** Information provided follows **
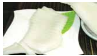
Frozen Illex Squid Tube Todarodes Pacificus Spec: U 5/U 7/U10 Packing: IQF/BQF 10Kg/Carton
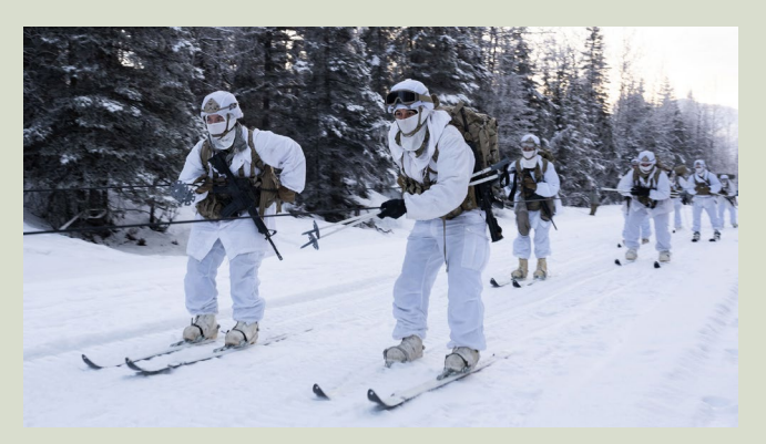
Army paratroopers assigned to Headquarters and Headquarters Company, 1st Battalion, 501st Parachute Infantry Regiment, 4th Infantry Brigade Combat Team (Airborne), 25th Infantry Division, U.S. Army Alaska, hold onto a rope secured to the back of Small Unit Sustainment Vehicle during a skijoring exercise at Joint Base Elmendorf-Richardson, Alaska.

Figure 5 shows that the REPI Program has committed or expended over $13.6 million under the Sikes Act and IGSA authority. As of FY 2022, DOD has invested $8.7 million of this amount into interest-bearing accounts under the Sikes Act for the long-term management of natural resources beyond installation boundaries to benefit the military mission.
** End of Information provided **
Task directions:
Restate exactly, please, only the lines between the start of the data and the line containing "Army paratroopers assigned", both ends included, skipping the pictures.

Written solution:
Frozen Illex Squid Tube Todarodes Pacificus Spec: U 5/U 7/U10 Packing: IQF/BQF 10Kg/Carton
Army paratroopers assigned to Headquarters and Headquarters Company, 1st Battalion, 501st Parachute Infantry Regiment, 4th Infantry Brigade Combat Team (Airborne), 25th Infantry Division, U.S. Army Alaska, hold onto a rope secured to the back of Small Unit Sustainment Vehicle during a skijoring exercise at Joint Base Elmendorf-Richardson, Alaska.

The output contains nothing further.